Лис сказал, написал они будут около двух. Но в два они не пришли. Не пришли и в три, и в четыре, так что я даже стал волноваться. Мне представлялось, как эти бородачи сходят со своего поезда из Козельска или откуда там они едут и тут же попадают в лапы мошенников-таксистов, которые везут их якобы бесплатно кататься по Городу, но увозят в лес, где грабят и оставляют связанными под сосной. Или братья садятся в метро и ездят по кольцевой, не понимая, когда приедут на конечную станцию. Или ещё что-нибудь. Раньше я никогда не беспокоился о незнакомых людях, но теперь эти неизвестные братья не давали мне покоя. Я каждые пятнадцать минут подходил к окну и смотрел на извилистую дорогу между гаражами. Я почему-то был уверен, что сразу узнаю их.

 

Бородатым оказался только один из них. Младший, как я потом узнал. Они пришли в шесть, протянув мне через порог большой пакет яблок и сразу наполнив мою пугливую, не привыкшую к посетителям прихожую светом и деловитыми движениями. Аккуратно расставили свои одинаковые, похожие на военные, ботинки вдоль стены и вежливо застыли в ожидании приглашения.

— Пойдёмте. Чаю попьём.

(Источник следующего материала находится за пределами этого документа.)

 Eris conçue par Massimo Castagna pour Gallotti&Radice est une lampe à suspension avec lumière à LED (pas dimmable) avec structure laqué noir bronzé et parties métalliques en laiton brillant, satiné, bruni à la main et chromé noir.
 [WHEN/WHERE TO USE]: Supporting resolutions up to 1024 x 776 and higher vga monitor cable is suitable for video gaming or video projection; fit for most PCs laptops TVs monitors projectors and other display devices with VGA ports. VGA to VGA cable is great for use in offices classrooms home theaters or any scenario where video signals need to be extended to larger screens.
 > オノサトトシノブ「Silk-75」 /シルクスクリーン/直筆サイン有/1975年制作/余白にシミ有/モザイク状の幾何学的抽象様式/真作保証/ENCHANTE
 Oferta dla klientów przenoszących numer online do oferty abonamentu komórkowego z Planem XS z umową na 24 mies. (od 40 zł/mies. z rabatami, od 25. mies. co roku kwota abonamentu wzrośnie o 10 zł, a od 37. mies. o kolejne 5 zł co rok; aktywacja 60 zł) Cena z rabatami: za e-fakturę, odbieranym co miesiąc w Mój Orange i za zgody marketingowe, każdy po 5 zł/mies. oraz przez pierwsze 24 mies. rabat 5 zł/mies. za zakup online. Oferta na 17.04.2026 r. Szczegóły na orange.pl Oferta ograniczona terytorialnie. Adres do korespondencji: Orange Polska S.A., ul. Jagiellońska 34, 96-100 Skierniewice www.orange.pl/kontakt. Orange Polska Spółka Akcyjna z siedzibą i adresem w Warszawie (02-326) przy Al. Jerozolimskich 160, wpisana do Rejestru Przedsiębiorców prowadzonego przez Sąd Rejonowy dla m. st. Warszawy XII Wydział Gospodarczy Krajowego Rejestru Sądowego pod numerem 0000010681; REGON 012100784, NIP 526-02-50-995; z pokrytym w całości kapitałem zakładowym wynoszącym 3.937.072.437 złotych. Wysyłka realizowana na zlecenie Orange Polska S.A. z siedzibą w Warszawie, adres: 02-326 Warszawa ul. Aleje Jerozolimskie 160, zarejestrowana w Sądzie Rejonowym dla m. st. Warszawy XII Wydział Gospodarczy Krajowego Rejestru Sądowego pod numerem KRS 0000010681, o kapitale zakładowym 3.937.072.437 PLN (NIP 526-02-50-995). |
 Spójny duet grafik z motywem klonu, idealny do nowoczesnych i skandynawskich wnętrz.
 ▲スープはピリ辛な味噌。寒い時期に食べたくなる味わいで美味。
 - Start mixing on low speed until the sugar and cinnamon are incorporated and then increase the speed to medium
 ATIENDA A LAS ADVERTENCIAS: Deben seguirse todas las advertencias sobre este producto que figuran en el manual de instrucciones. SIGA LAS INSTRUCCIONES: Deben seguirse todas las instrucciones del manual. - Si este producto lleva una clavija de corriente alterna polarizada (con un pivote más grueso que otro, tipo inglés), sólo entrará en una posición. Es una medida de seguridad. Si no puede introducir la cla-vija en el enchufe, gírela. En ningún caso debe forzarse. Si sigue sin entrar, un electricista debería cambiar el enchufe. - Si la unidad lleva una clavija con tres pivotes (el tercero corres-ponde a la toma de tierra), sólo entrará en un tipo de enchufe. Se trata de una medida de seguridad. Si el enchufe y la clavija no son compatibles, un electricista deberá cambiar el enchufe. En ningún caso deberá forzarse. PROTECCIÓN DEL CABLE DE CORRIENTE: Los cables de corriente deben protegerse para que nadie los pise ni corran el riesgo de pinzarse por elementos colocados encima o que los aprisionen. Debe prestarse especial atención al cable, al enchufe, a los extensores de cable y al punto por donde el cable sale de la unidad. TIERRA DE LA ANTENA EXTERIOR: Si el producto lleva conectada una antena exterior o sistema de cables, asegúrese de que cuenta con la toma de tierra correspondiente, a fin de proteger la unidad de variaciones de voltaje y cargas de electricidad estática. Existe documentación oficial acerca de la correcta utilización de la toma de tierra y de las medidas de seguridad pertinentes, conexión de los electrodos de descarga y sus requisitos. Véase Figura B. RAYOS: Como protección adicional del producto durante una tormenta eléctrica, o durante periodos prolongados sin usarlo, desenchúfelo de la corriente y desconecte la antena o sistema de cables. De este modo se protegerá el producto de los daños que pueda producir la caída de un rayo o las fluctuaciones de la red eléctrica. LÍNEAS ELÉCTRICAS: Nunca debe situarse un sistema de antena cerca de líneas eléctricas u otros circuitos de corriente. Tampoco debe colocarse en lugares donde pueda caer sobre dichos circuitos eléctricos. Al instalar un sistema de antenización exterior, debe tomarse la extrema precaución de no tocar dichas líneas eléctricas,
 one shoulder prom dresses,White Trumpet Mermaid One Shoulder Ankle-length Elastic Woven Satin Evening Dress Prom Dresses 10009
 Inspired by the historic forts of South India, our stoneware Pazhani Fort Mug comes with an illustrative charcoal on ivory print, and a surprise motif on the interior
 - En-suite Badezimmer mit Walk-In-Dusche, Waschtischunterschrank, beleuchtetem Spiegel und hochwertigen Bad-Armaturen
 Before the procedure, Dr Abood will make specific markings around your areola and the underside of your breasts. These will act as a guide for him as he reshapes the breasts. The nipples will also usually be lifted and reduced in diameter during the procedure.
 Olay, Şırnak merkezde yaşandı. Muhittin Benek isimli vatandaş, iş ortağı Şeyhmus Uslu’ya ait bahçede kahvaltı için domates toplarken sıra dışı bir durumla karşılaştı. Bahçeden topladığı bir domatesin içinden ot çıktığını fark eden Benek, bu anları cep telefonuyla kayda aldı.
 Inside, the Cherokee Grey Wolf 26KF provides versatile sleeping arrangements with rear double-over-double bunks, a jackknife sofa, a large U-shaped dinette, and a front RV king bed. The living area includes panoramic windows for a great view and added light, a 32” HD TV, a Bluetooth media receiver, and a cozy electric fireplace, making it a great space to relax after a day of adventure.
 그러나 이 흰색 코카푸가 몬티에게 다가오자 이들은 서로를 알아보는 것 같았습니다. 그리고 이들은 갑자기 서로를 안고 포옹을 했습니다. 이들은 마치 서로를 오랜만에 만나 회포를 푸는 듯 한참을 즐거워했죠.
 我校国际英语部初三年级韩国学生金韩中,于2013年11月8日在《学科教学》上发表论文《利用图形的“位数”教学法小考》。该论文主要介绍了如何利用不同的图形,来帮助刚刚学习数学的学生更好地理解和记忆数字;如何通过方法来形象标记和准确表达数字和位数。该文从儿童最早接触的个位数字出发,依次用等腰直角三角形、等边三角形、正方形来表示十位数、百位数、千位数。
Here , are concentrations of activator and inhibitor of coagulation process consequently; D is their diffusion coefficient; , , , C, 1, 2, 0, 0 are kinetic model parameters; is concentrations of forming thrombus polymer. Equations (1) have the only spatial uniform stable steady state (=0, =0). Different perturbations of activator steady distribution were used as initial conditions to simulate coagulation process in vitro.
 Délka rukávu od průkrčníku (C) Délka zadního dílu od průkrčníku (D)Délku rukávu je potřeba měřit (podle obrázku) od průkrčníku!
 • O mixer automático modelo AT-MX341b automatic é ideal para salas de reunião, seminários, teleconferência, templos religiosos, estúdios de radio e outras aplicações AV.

Холодно сегодня. — бормотал я, в то время как один из братьев (средний, как я узнал позже) кивнув, словно только и ждал сигнала, вытащил из рюкзака помятую пачку печенья с довольным видом фокусника, выудившего зайца из шляпы, и братья расселись по кухне. Жалея, что ничего не приготовил, я достал всё, что было: хлеб, сыр, консервы, шоколад. Достал из шкафа фарфоровый чайник, в котором последний раз заваривал чай, когда жил с родителями (для меня одного он был слишком большой и красивый), заварил чай и разлил его по кружкам. Все кружки были большие, разные и совсем не подходящие к парадному чайнику в мелкий синий цветочек, отчего чаепитие становилось праздничным и душевным одновременно. Так мы с родителями пили чай вечерами, когда за окном уже темнело, но спать ещё было рано. Когда было тепло — выбирались на балкон и сидели там с кружками в руках…

Удобно разместившись на кухне, братья стали по очереди со мной знакомиться, протягивая руку и вместо фамилии смешно произнося «старший брат», или «младший брат», или «средний». Старшего звали Василий, «можно просто Вася», — великодушно сообщил он. На вид Васе был лет тридцать — тридцать пять, он был не очень высокий, широкоплечий, с большим носом, густыми темными волосами и хитрым взглядом из-под черных бровей. Он единственный был одет в костюм, чем напомнил мне ретро-мафиози из «Крестного отца». Средний — Максим («лучше — Макс») был высоким и русоволосым, интеллигентно-студенческого вида, с добрыми и грустными карими глазами. Младший (на вид ему было лет восемнадцать, хотя ему явно хотелось выглядеть старше) Денис был очень худым, с короткой темной бородой и внимательным цепким взглядом серых глаз, оставлявшим неприятное царапающее ощущение. Хорошо, что он сам избегал смотреть на меня, — видимо, знал, какое впечатление производит на людей его взгляд. Тогда меня почему-то не удивило, что «братья» были что-то не очень похожи друг на друга.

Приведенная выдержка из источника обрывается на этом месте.